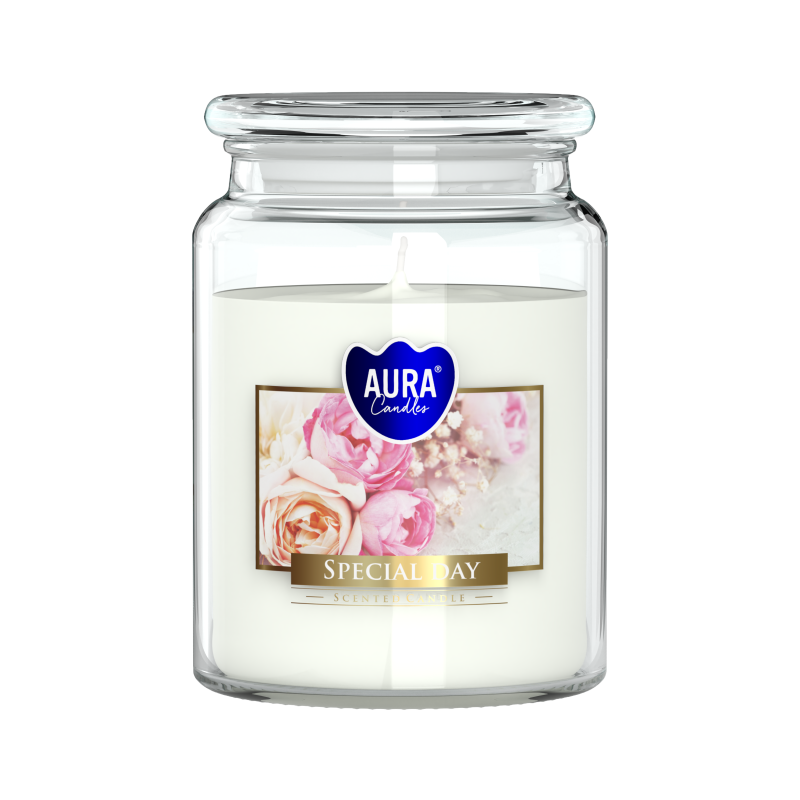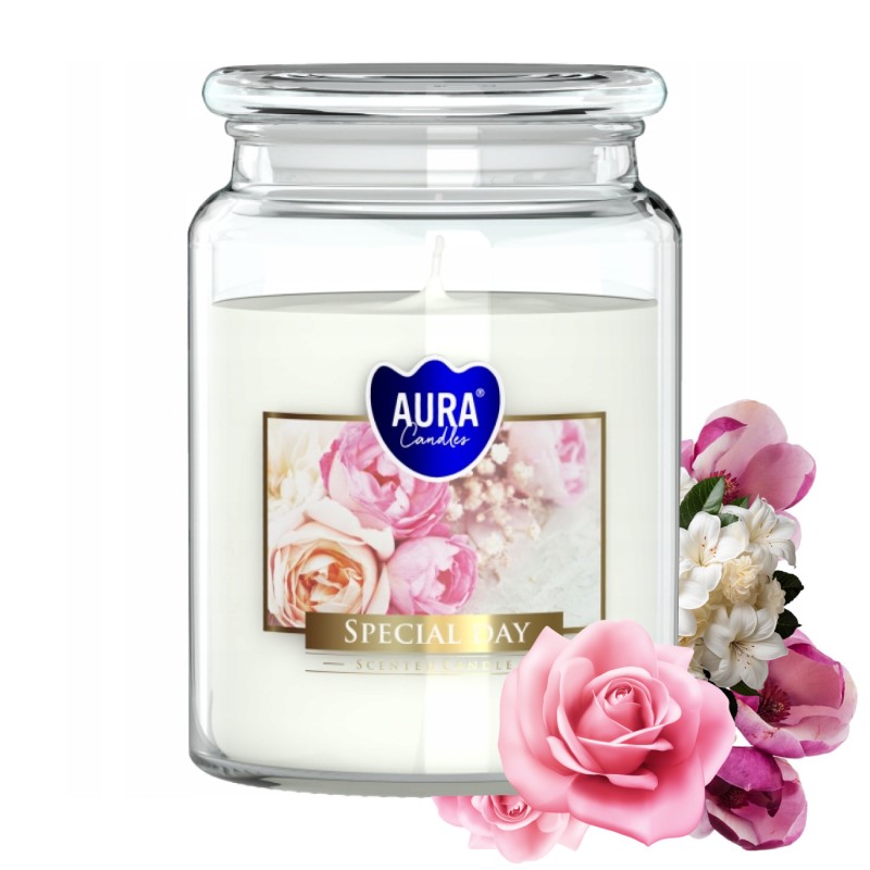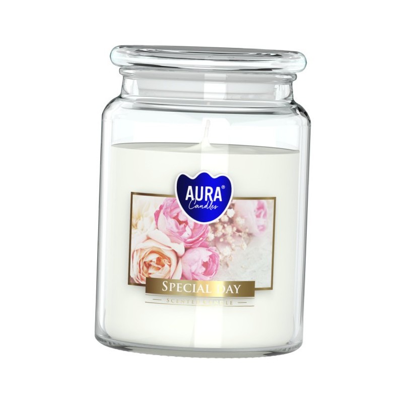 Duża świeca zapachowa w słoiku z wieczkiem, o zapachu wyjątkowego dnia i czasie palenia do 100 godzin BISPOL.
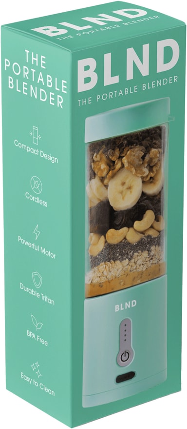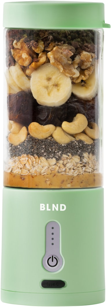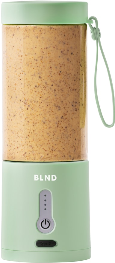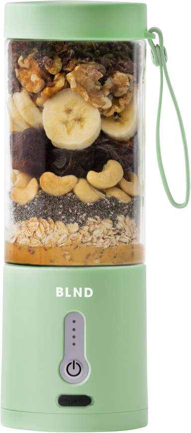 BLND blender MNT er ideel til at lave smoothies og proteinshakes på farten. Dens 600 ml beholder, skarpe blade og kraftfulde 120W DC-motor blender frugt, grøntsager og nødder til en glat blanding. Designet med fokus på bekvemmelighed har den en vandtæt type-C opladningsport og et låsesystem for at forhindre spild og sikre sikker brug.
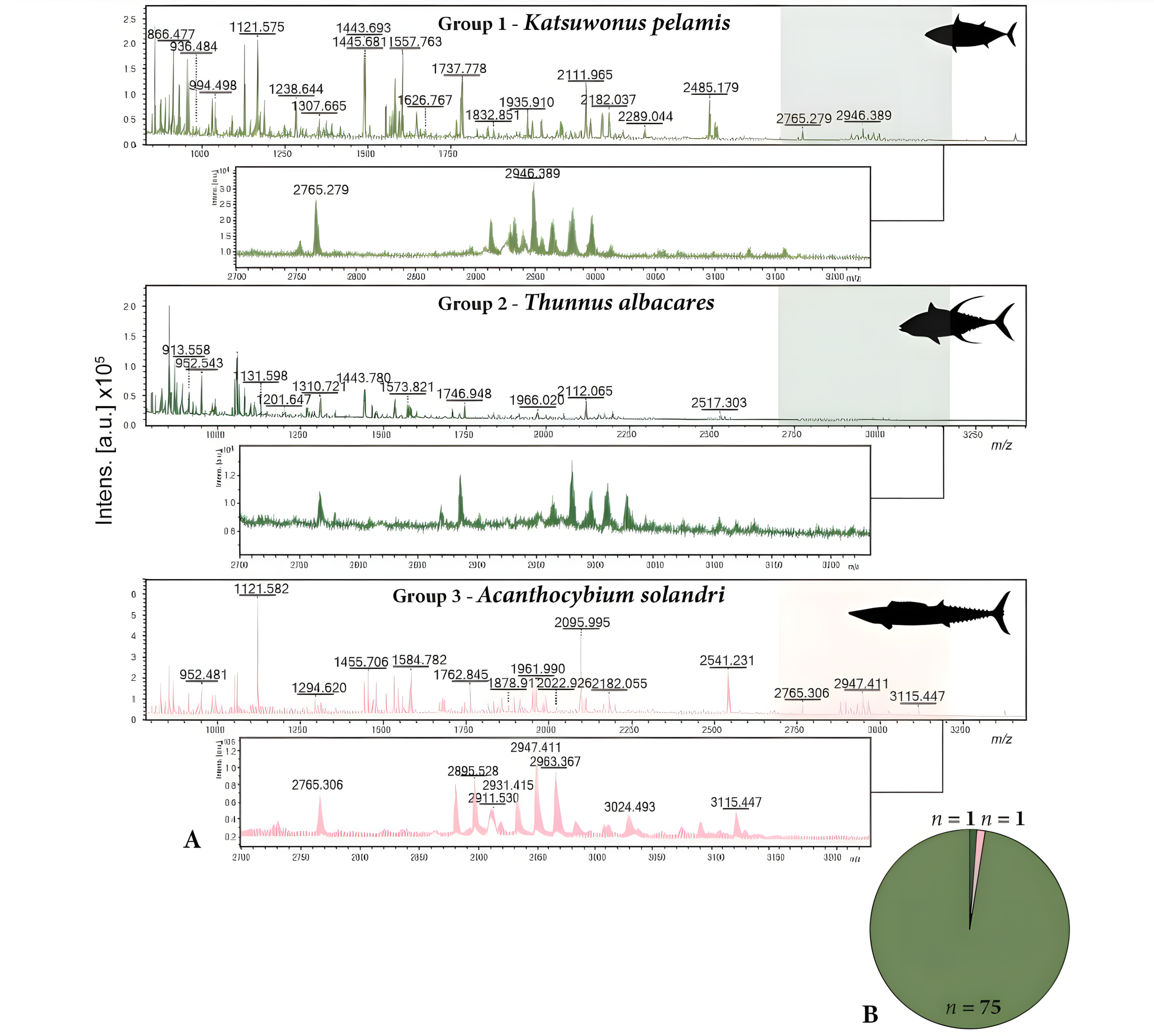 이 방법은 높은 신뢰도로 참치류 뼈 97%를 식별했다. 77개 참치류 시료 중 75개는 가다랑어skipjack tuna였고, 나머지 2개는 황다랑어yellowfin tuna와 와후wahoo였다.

* * *

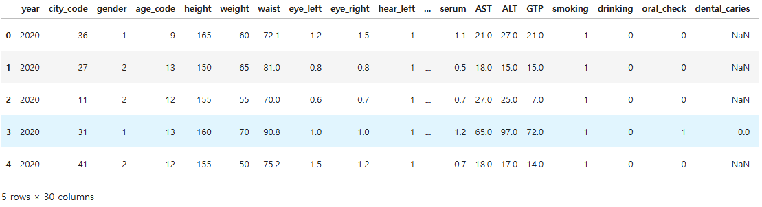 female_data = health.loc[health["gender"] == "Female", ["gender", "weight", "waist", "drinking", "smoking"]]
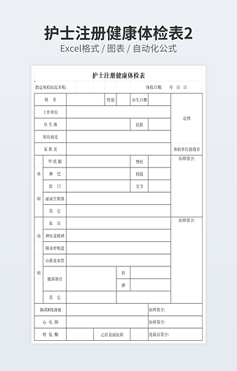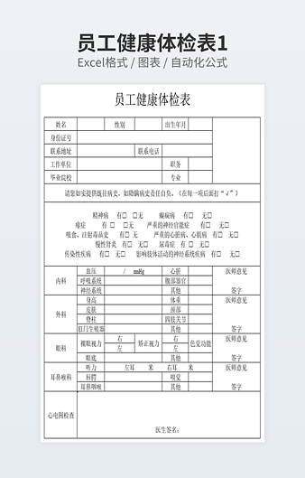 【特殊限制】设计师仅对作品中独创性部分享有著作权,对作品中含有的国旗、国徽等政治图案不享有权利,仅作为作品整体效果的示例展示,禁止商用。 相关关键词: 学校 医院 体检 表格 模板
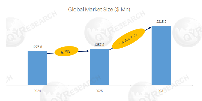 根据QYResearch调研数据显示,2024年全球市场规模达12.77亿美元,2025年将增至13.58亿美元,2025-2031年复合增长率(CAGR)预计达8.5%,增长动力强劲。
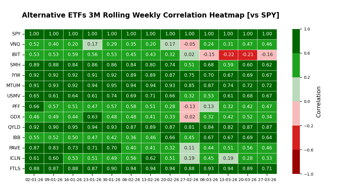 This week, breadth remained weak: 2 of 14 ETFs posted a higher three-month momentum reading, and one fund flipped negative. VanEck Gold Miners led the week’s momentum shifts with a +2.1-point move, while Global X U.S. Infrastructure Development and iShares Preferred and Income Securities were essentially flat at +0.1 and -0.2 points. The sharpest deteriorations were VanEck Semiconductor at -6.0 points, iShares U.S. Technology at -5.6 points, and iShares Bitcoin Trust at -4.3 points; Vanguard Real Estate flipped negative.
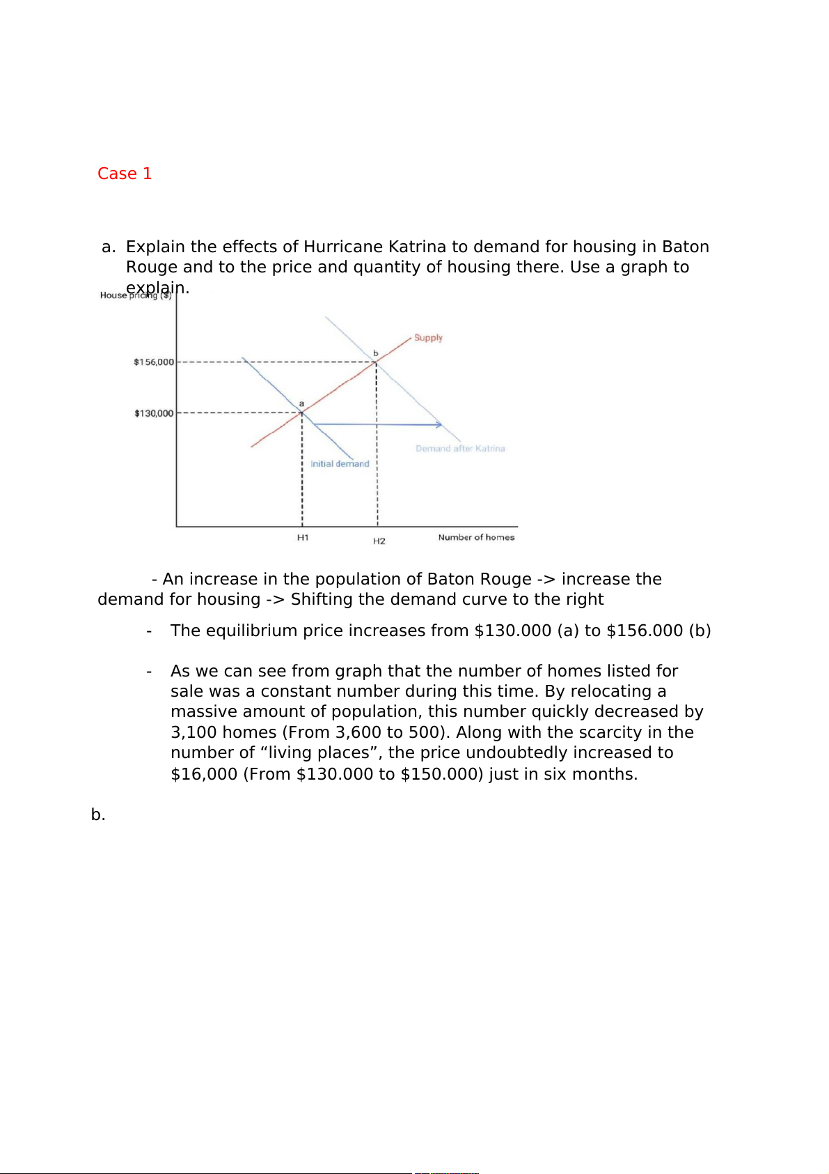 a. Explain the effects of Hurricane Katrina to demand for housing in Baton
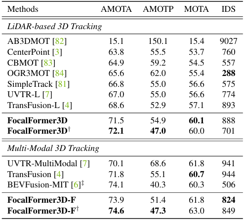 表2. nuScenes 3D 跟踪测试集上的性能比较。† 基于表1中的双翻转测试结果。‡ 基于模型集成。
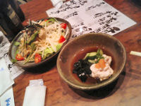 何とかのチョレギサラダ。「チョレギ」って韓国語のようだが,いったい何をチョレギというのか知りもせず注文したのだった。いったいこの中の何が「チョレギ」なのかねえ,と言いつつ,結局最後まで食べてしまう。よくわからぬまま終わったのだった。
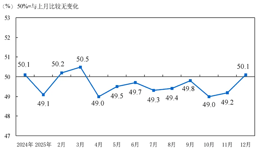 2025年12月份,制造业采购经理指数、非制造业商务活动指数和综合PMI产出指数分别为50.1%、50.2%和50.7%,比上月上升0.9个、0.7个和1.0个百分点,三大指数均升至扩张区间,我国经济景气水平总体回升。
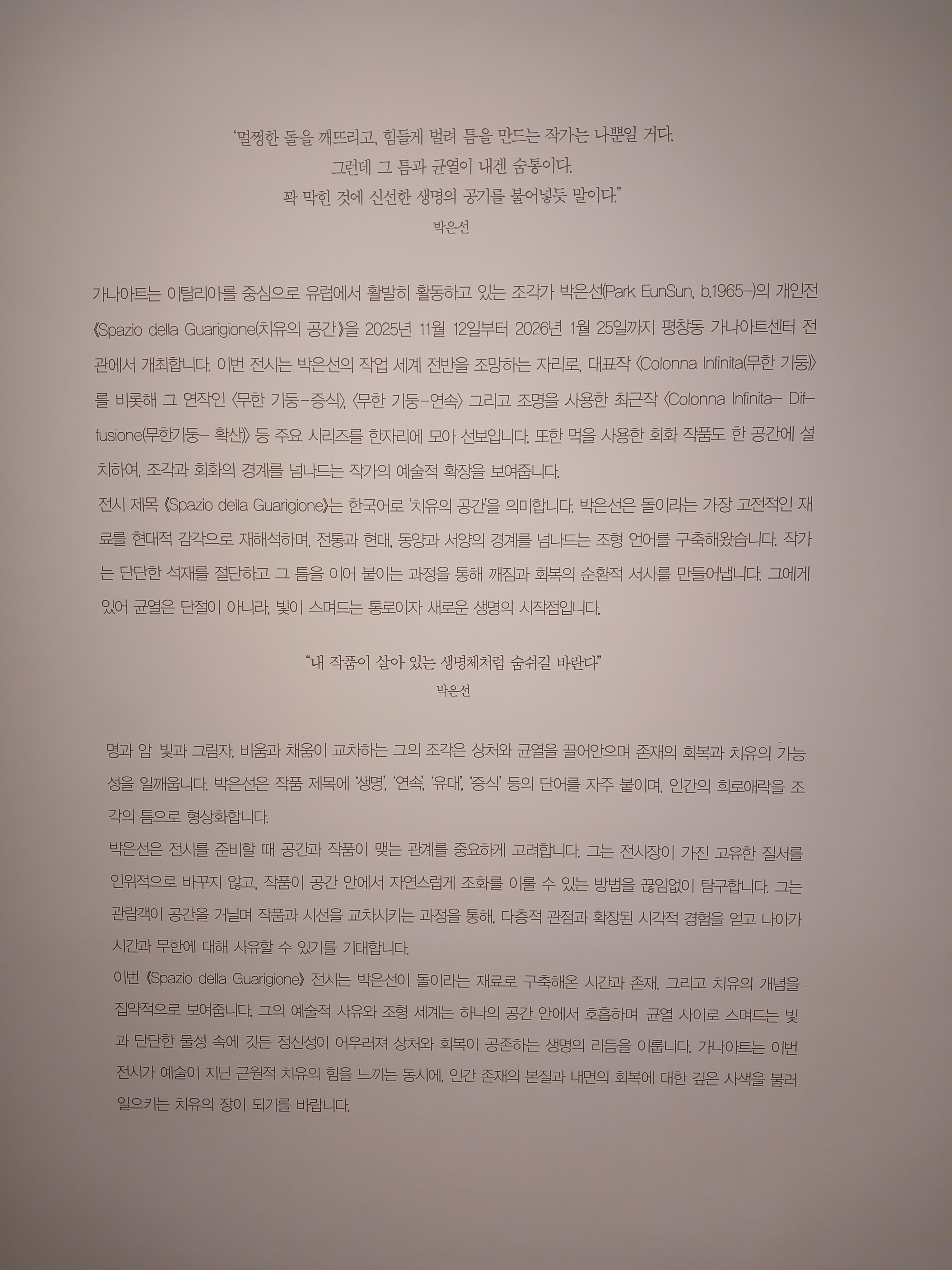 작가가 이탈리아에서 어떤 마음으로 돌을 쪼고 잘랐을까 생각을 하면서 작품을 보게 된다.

> _What you have to do_
Your answer must be the lines above from the one holding "Duża świeca zapachowa" up to and including the one holding "이 방법은 높은 신뢰도로", exact and with no pictures.

> _Task output_
 Duża świeca zapachowa w słoiku z wieczkiem, o zapachu wyjątkowego dnia i czasie palenia do 100 godzin BISPOL.
 BLND blender MNT er ideel til at lave smoothies og proteinshakes på farten. Dens 600 ml beholder, skarpe blade og kraftfulde 120W DC-motor blender frugt, grøntsager og nødder til en glat blanding. Designet med fokus på bekvemmelighed har den en vandtæt type-C opladningsport og et låsesystem for at forhindre spild og sikre sikker brug.
 이 방법은 높은 신뢰도로 참치류 뼈 97%를 식별했다. 77개 참치류 시료 중 75개는 가다랑어skipjack tuna였고, 나머지 2개는 황다랑어yellowfin tuna와 와후wahoo였다.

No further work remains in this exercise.